GASPAR MARTINS ( Angola) said that the impact of war still had major consequences on the lives of Angola’s people, and gave his country first-hand knowledge of the importance of dialogue and negotiation for the peaceful resolution of conflicts. He pledged his Government’s continued efforts in that context at the regional and international levels, working with the regional groupings toward which it belonged. He said that the economic crisis demanded reform of the international regulatory system, greater fluidity and transparency in the allocation of capital to the least developed countries and greater support for sustainable development. The Rio+20 outcome offered a solid foundation in formulating national and international policies for the latter. However commitments needed to be translated into intense action on climate change, drought and desertification, natural disasters, urbanization and other areas.

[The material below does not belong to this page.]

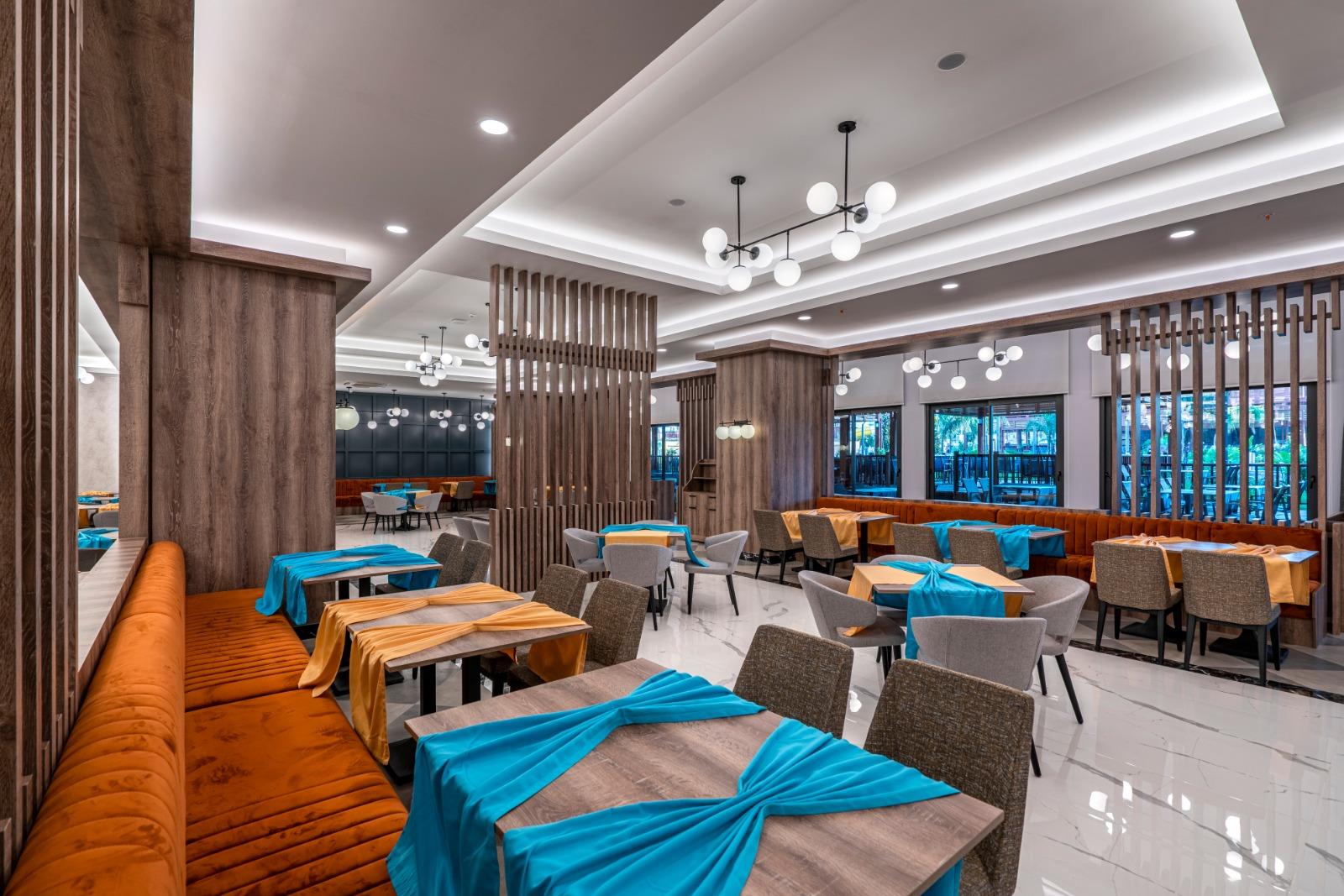 Рестораны, кафе и бары:- главный ресторан (1200 кв.м, на 600 чел.)- ресторан а ля карт (турецкая кухня, на 40 чел., 19:00-21:00)- ресторан а ля карт (итальянская кухня, на 40 чел., 19:00-21:00)- ресторан а ля карт (рыбный, на 40 чел., 19:00-21:00)- снэк-ресторан (на 150 кв.м)- кондитерская (100 кв.м, на 60 чел.)- лобби-бар (24 часа)- бар на пляже (10:00-18:00)- бар у бассейна (10:00-00:00)- диско-бар (23:00-02:00)- кофехаус (10:00-00:00)*посещение одного ресторана а ля карт 1 раз за все время пребывания (не менее 7 ночей) - бесплатно и по предварительной резервации.

The session’s theme of peaceful settlement of disputes related to the need for reform of the Security Council, he said, calling for fair representation of all regions and the broadening of permanent membership in that body. Turning to local conflicts, he reaffirmed his support for the outcome of the Great Lakes summits on the Democratic Republic of the Congo, as well as the position of the African Union and the Southern African Development Community (SADC) on that situation. He urged continued international support for stabilization in Somalia and welcomed recent agreements between Sudan and South Sudan, urging the parties to continue their engagement with each other to resolve remaining differences.
On other conflicts, he called for determination from the international community to preserve Mali’s unity, sovereignty and territorial integrity. On Guinea-Bissau, he advocated a comprehensive solution and lasting restoration of constitutional order according to international decisions. On Western Sahara, he called on the parties to continue negotiations under the auspices of the United Nations, so that the people could exercise their right to self-determination. He supported the two-state resolution of the Israeli/Palestinian situation, as well as a negotiated resolution of the crisis in Syria assisted by international mediation. On Cuba, he reiterated the need to end the embargo in accordance with United Nations resolutions. Mutual respect, regional cooperation and respect for international treaty obligations would continue to guide his country’s foreign policy, he said.

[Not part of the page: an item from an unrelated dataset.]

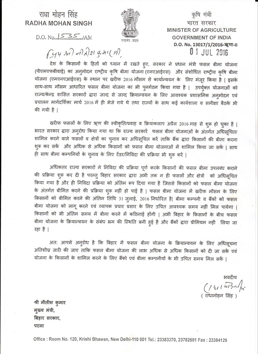 किसानों की सुविधा को देखते हुए सरकार ने प्रधानमंत्री फसल बीमा योजना की अंतिम तिथि 10 अगस्त 2016 तक बढ़ाई #PMFBYpic.twitter.com/rFs2Ap32Mm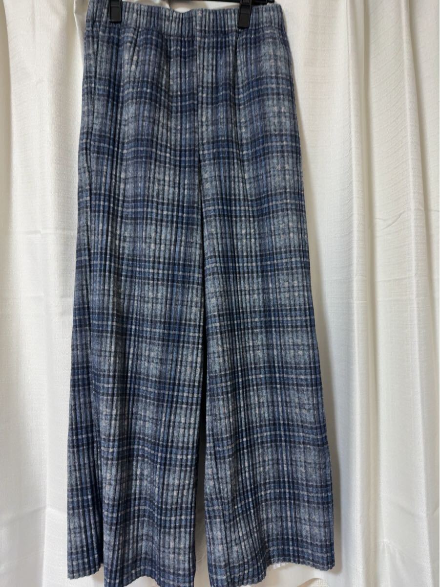 - ワイドパンツ☆プリーツ仕様☆ チェック柄☆ブルー系☆ パンツ☆レディースボトムス☆ゆったりL☆未使用☆ポケット付き☆

Turning to domestic issues, he said that ten years after attaining peace, Angola had made significant progress in consolidating democracy, leading up to successful elections on 31 August. Macroeconomic stability and the building of infrastructure had contributed to a progressive improvement of living conditions. It had not been possible to achieve the Millennium Development Goals, but the macroeconomic development rates had permitted consideration of the country’s graduation from the least-developed category in the near future. He expressed gratitude for the trust investors had placed in the country, as well as for assistance provided by international partners. He acknowledged that there was still much to do to ensure Angola’s economic growth was reflected in systematic improvement in the welfare of the people, through increased employment levels and enhanced investment in social welfare.